Implementing Squeezenet

gsp-27 · January 26, 2017, 2:06pm

Hi,

I am trying to implement Squeezenet and train it on Cifar10 data, I have got the code ready but there seems to be some problem, my training set accuracy never increases though the loss function graph makes sense.

In Squeezenet, fire module require us to concatenate 1x1 Convolution and 3x3 convolution, to achieve this I have used torch.cat function? Below is the code for fire module, I want to know if its right?

class fire(nn.Module):
def __init__(self, inplanes, squeeze_planes, expand_planes):
    super(fire, self).__init__()
    self.conv1 = nn.Conv2d(inplanes, squeeze_planes, kernel_size=1, stride=1)
    self.relu1 = nn.ReLU(inplace=True)
    self.conv2 = nn.Conv2d(squeeze_planes, expand_planes, kernel_size=1, stride=1)
    self.conv3 = nn.Conv2d(squeeze_planes, expand_planes, kernel_size=3, stride=1, padding=1)
    self.relu2 = nn.ReLU(inplace=True)

    # using MSR initilization
    for m in self.modules():
        if isinstance(m, nn.Conv2d):
            n = m.kernel_size[0] * m.kernel_size[1] * m.out_channels
            m.weight.data.normal_(0, math.sqrt(2./n))

def forward(self, x):
    x = self.conv1(x)
    x = self.relu1(x)
    out1 = self.conv2(x)
    out2 = self.conv3(x)
    out = torch.cat([out1, out2], 1)
    out = self.relu2(out)
    return out

apaszke · January 26, 2017, 2:34pm

The model definition looks correct to me, so it’s probably some other bug.

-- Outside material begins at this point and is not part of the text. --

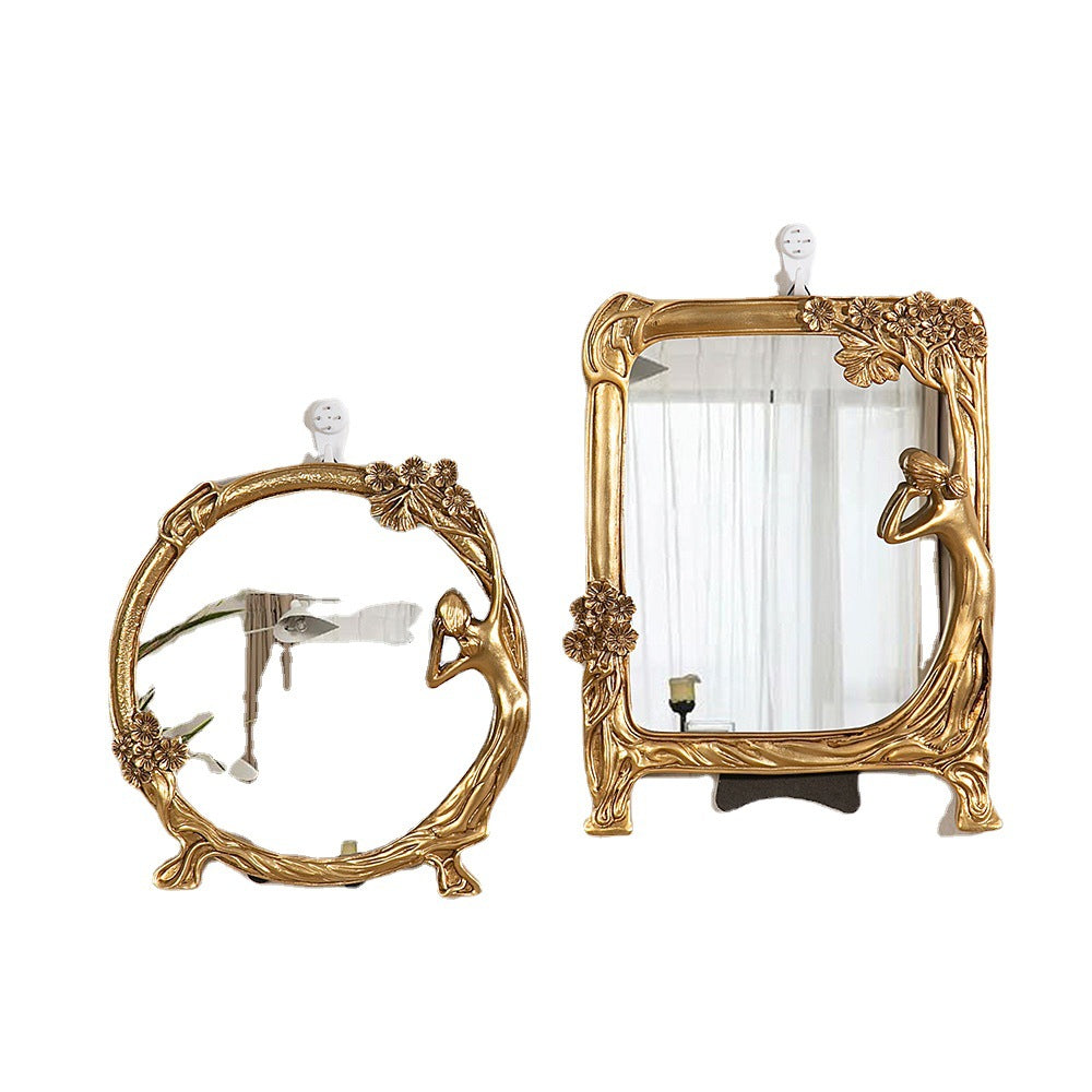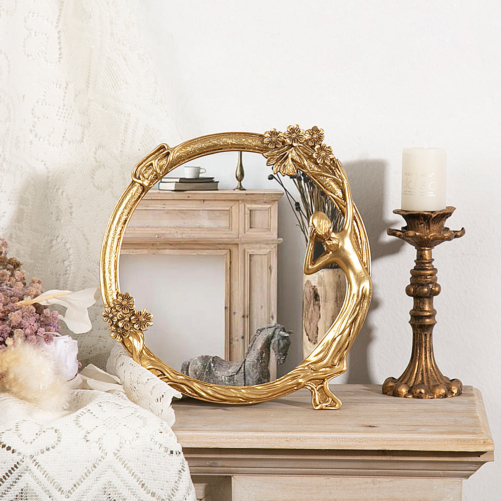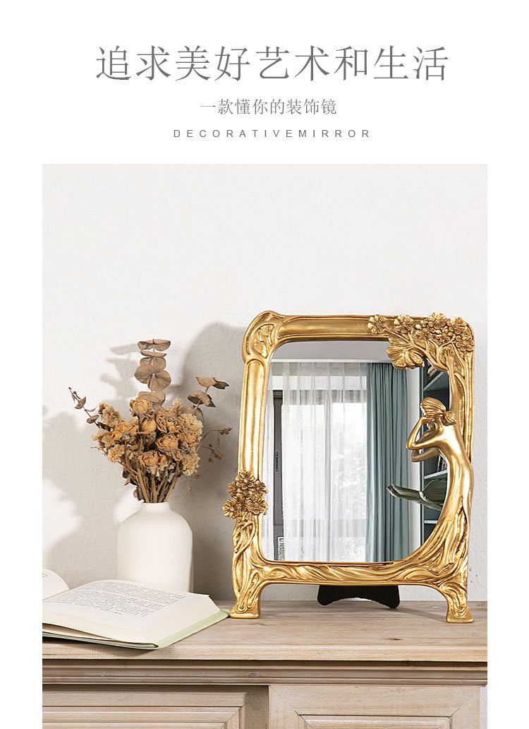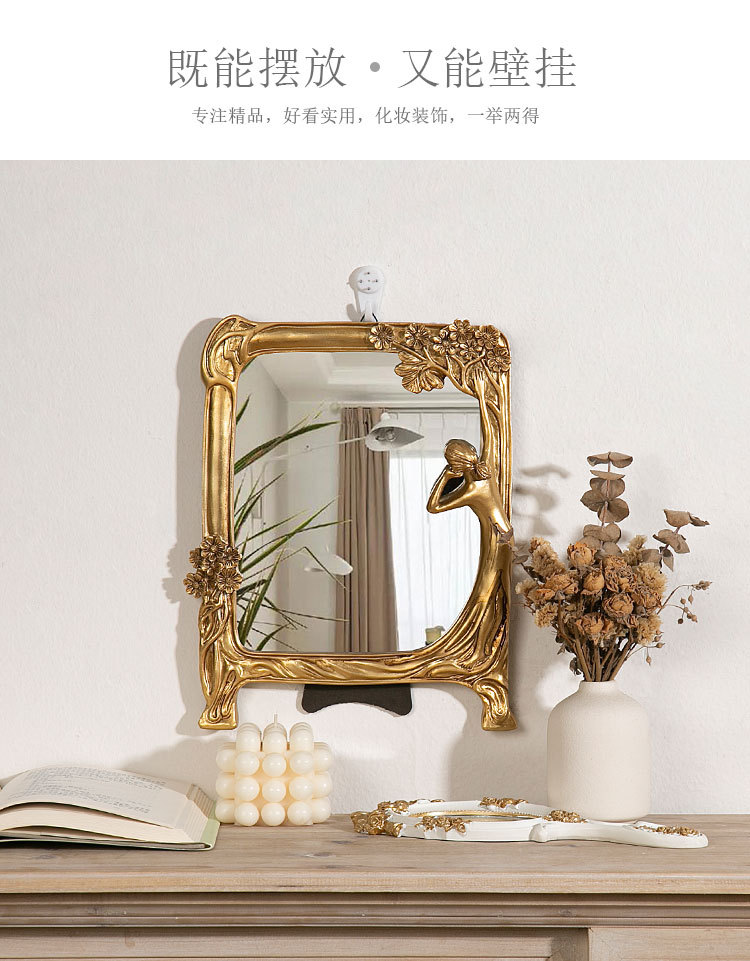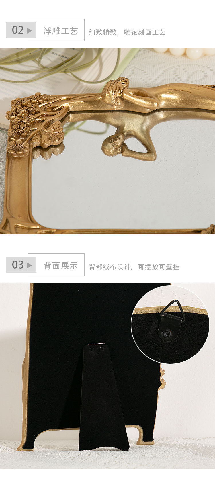 欧式轻奢树脂浮雕金色侍女镜化妆镜复古树脂拍照道具少女梳妆镜子

gsp-27 · January 26, 2017, 2:35pm

Thanks

should I upload the training and the complete model code as well?

https://github.com/gsp-27/pytorch_Squeezenet

apaszke · January 26, 2017, 7:16pm

Where do you want to upload it?

gsp-27 · January 26, 2017, 7:44pm

I wrote it by mistake.

Did you get a chance to look at it? Is there any mistake?

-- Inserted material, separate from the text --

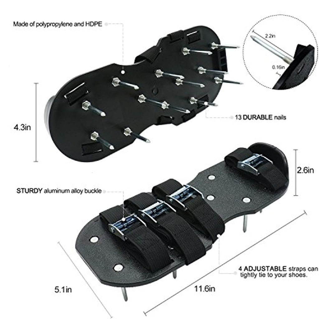 Blissun Lawn Aerator Shoes, 4 Aluminum Alloy Buckles Spiked Aerating Lawn Sandals, 26 Nails for Aerating Your Lawn or Yard, 4 Adjustable Straps Universal Size

gsp-27 · January 26, 2017, 7:50pm

Now I am trying to use 55 epoch learning rule used by @Soumith in his imagenet-multiGPU code, but I am facing a weird issue, it is giving me segfault, but when I prepare optimizer by choosing a static learning rate it runs fine?

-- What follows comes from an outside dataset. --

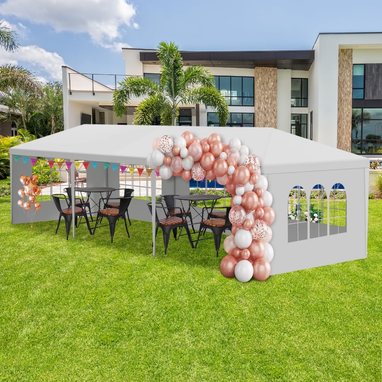OLLIDOT 10' x 30' White Gazebo Canopy Tent Featuring 5 Removable Sidewalls, White Patio Gazebo Tents, Shelter Tent Perfect for Birthdays, Events, Parties, Weddings, Gatherings and Patio

Though it gives me poor accuracy but no segfault.

Updated code:
training_code

apaszke · January 26, 2017, 8:20pm

Well, a code that gives a segfault would be more interesting for me

gsp-27 · January 26, 2017, 8:33pm

I think the learning rate itself was the issue, it must be doing division by zero somewhere, I changed the learning rate and now it seems to be working fine.

apaszke · January 26, 2017, 8:35pm

No, segfaults are never caused by zero division. If you get a small repro script I can fix it.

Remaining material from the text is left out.